# Data section

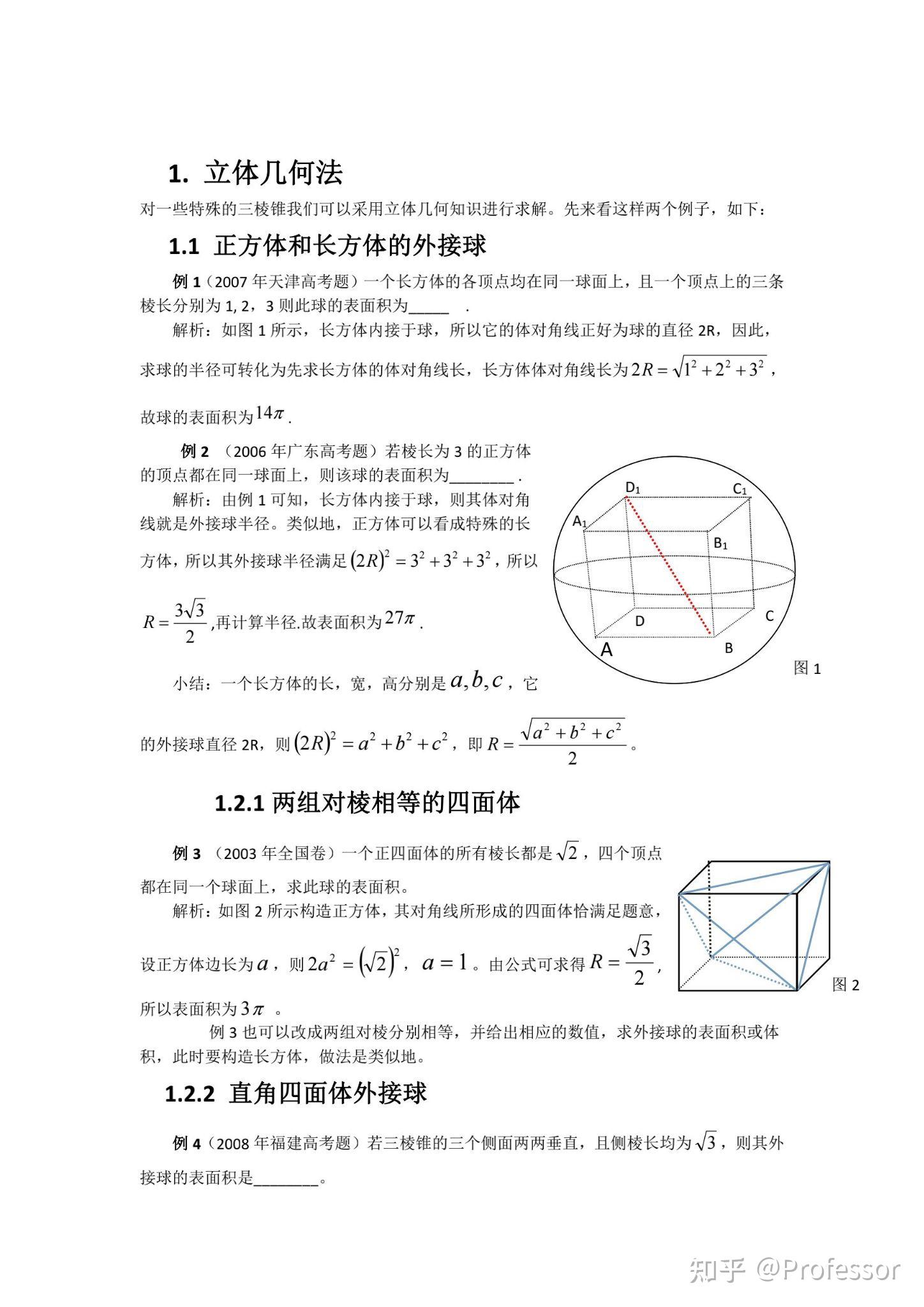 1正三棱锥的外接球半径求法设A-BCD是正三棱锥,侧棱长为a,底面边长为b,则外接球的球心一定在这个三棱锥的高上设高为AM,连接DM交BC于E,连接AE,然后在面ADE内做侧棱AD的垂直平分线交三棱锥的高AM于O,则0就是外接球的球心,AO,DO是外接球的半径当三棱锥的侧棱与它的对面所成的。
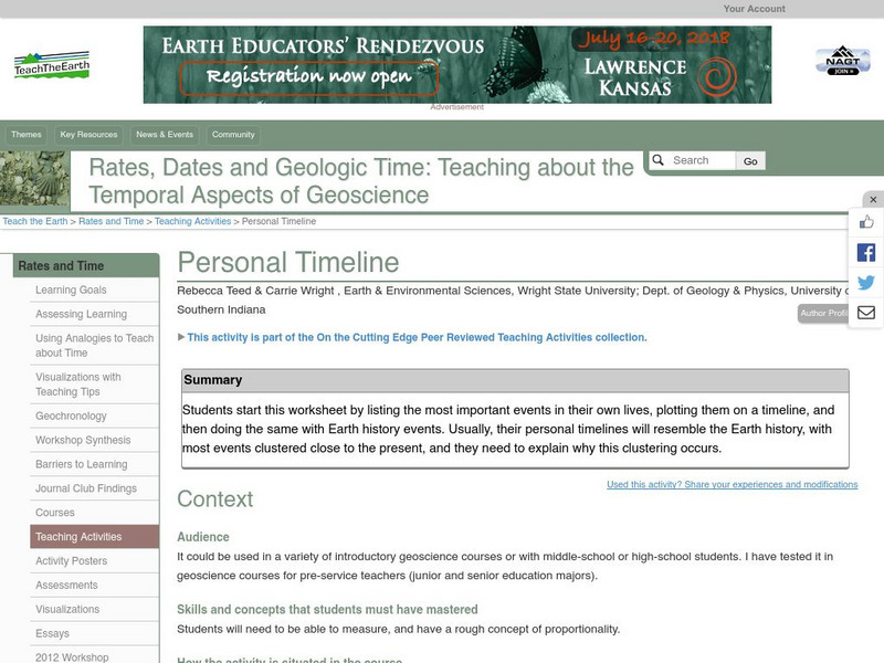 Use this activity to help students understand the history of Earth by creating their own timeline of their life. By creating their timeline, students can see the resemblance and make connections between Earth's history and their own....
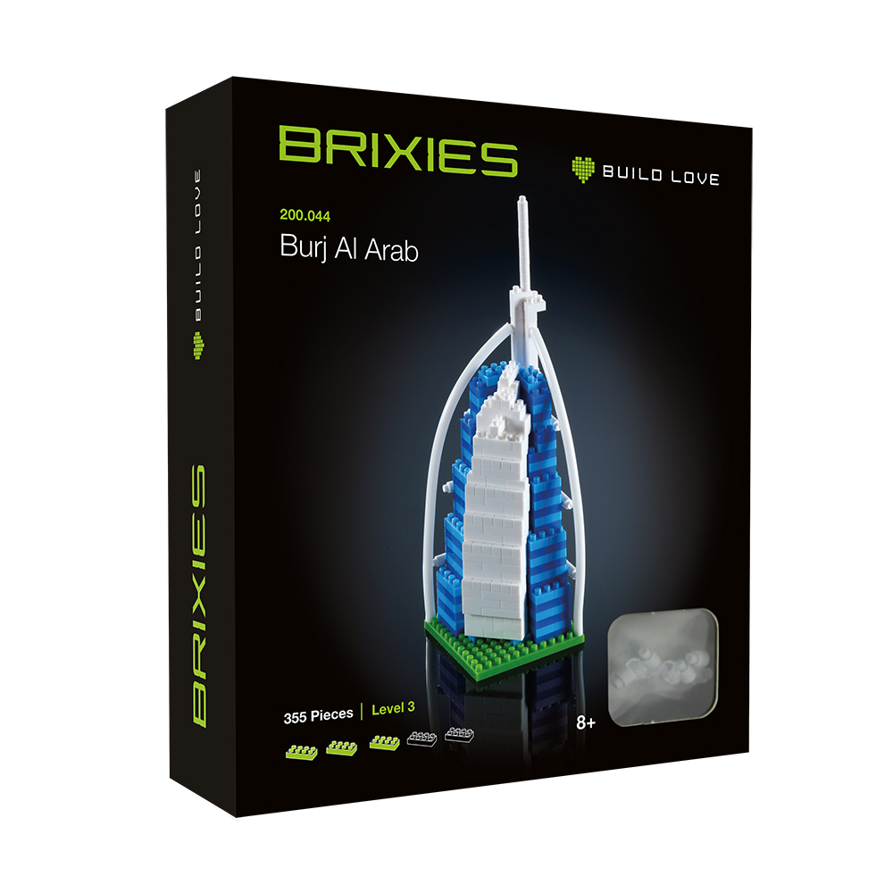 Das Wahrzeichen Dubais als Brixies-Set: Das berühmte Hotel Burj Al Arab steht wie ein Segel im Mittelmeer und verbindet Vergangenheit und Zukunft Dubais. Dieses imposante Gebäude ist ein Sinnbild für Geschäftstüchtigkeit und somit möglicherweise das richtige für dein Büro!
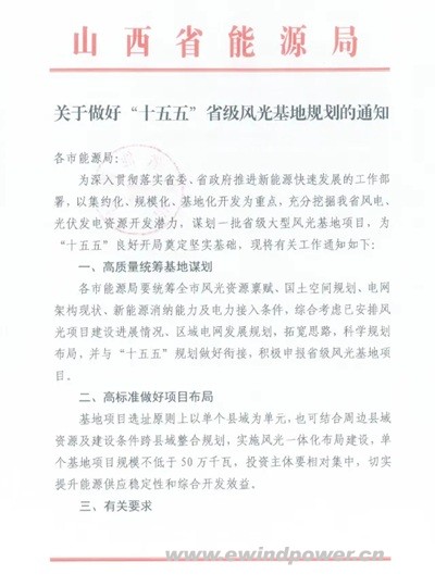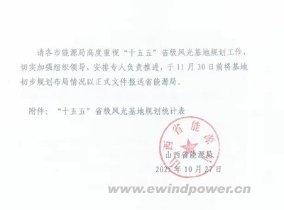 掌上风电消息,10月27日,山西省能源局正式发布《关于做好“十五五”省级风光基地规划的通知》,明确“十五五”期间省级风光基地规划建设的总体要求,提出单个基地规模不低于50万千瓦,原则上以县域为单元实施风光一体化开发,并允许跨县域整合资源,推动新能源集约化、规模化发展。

# Task to complete
Nothing but the pictures should be left out when the material above is copied.

# Your response
 1正三棱锥的外接球半径求法设A-BCD是正三棱锥,侧棱长为a,底面边长为b,则外接球的球心一定在这个三棱锥的高上设高为AM,连接DM交BC于E,连接AE,然后在面ADE内做侧棱AD的垂直平分线交三棱锥的高AM于O,则0就是外接球的球心,AO,DO是外接球的半径当三棱锥的侧棱与它的对面所成的。
 Use this activity to help students understand the history of Earth by creating their own timeline of their life. By creating their timeline, students can see the resemblance and make connections between Earth's history and their own....
 Das Wahrzeichen Dubais als Brixies-Set: Das berühmte Hotel Burj Al Arab steht wie ein Segel im Mittelmeer und verbindet Vergangenheit und Zukunft Dubais. Dieses imposante Gebäude ist ein Sinnbild für Geschäftstüchtigkeit und somit möglicherweise das richtige für dein Büro!
 掌上风电消息,10月27日,山西省能源局正式发布《关于做好“十五五”省级风光基地规划的通知》,明确“十五五”期间省级风光基地规划建设的总体要求,提出单个基地规模不低于50万千瓦,原则上以县域为单元实施风光一体化开发,并允许跨县域整合资源,推动新能源集约化、规模化发展。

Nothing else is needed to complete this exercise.